On passe d’une logique d’épuisement basée sur le quantitatif, à une sécurité qui s’appuie sur le qualitatif. Et on reprend notre humble place de petit humain face à la Nature, tellement supérieure à nous en intelligence et en sagesse.

Les grands principes

Le premier principe c’est donc : le problème, c’est la solution ! Démarrer en permaculture, c’est d’abord ob-ser-ver. Et comprendre les spécificités du terrain qui s’offre à nous. Au lieu de tenter de passer en force et contrer la nature pour y imposer notre idée, il s’agit de tirer parti de l’existant, quitte à changer son approche et voir émerger de nouvelles idées que l’on n’avait pas forcément envisagées.

Du coup seule la créativité peut nous freiner, et parfois la connaissance technique, ce qui n’est pas un problème en soi car les ressources sont disponibles facilement, et souvent gratuitement, pour se former.

Le second principe est d’ aider la nature et pas aller contre elle. De plus n’oublions pas que l’humain est par nature fainéant ???? Pourquoi se battre à assécher, enlever des pierres ou arracher des arbres, quand on pourrait juste profiter de l’eau ambiante et y faire pousser ce qui en a besoin, ou élever des poissons ?! On s’évite ainsi du travail inutile en respectant le terrain que l’on trouve.
Le travail le plus important, avec la permaculture, c’est la cueillette !

Le 3e principe est délicieusement déculpabilisant : s’autoriser à ne rien faire, et donc à être. C’est parfois difficile parce qu’on a peur du vide et de l’inaction, tout dans notre société de l’immédiateté et du résultat nous en éloigne. Mais ça oblige au lâcher-prise et génère alors la véritable créativité, et un nouveau rapport au temps.
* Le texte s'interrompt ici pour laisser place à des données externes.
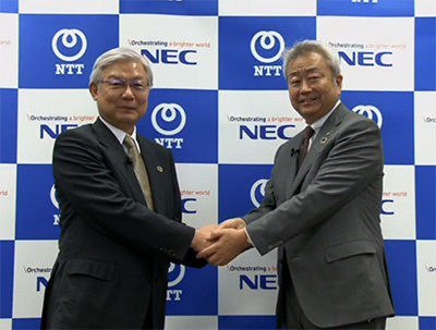 NTTの澤田純社長(右)とNECの新野隆社長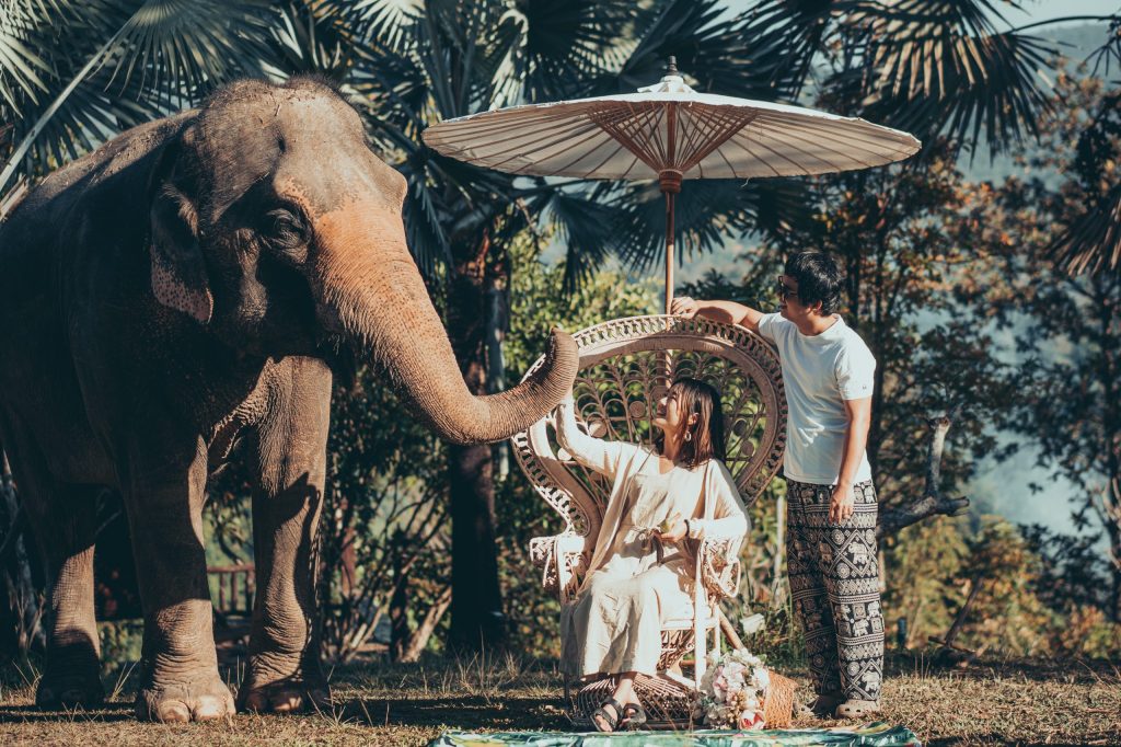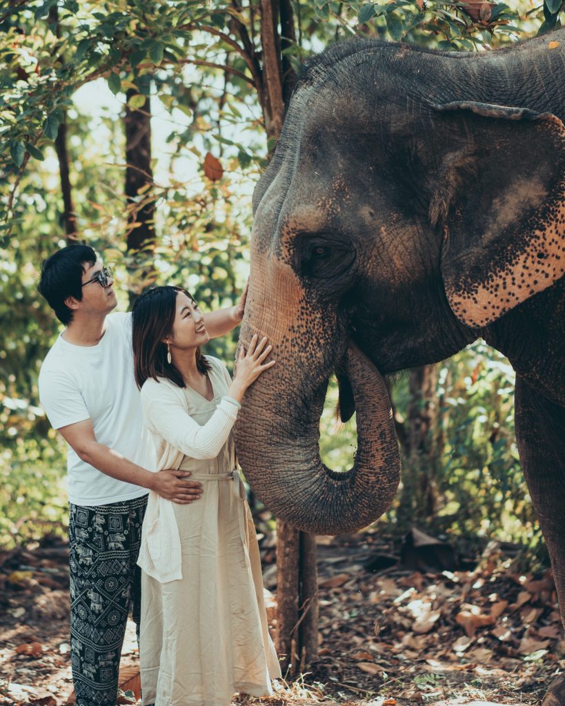 🕓 行程:我们大概下午3点左右过去check in,周围chill了一会儿,4-5点是大象的happy hour,可以跟它们玩,喂它们吃东西,同时有提供酒水。然后就是慢慢地enjoy晚餐,天黑了就差不多回房休息,洗漱睡觉😴 第二天一早8:30大象就来叫早了(可以自己选择时间),我的摄影师也到了。我请的这位摄影师收费大概是300美元1.5小时。拍完后吃早餐,然后开始我订的Elephant Jungle Expedition tour,费用为100美元一人。

Les deux derniers principes sont transversaux et à garder en tête à chaque décision que l’on prend. Il faut prendre en compte la versatilité puisque toute chose a plusieurs fonctions. Une poule procurera des œufs, de la viande, mais aussi des plume et de l’engrais. Il faut donc savoir utiliser toutes les compétences de nos ressources… comme dans l’entreprise…

Et enfin, pour chaque fonction il faut aussi de la redondance : en multipliant les sources, on évite la rupture, c’est la garantie de la stabilité du système.

Une lame de fond

Cette introduction à la permaculture a été pour moi une véritable découverte : au-delà de la technique pure, que je n’aborderai pas ici et qui constitue un sacré défi pour moi, j’ai surtout retenu une vision, un état d’esprit, une philosophie et une approche systémique de l’agriculture que l’on retrouve dans de multiples autres domaines et secteurs d’activité, comme si tout convergeait vers les mêmes intentions et principes fondamentaux.

Ce que j’observe en matière de management, de bonheur au travail avec l’entreprise libérée, mais aussi de santé avec la médecine intégrative qui associe allopathie et médecines alternatives dans le but d’atteindre la guérison, est également porté ici par les principes de respect de la vie, des aptitudes, de l’importance de chaque élément,mais aussi d’entraide, d’accompagnement et d’encouragement des interactions.

Le système a basculé, définitivement, pour passer de la verticalité et des silos à la TRANSversalité et au COllaboratif. Nous sommes bien face à une tendance lourde non plus en présence de signaux faibles, ou alors ils sont répartis comme dans une galaxie de scintillements qui dessinent, lorsqu’on les observe dans leur ensemble, le chemin à suivre pour préserver la Terre et l’humanité.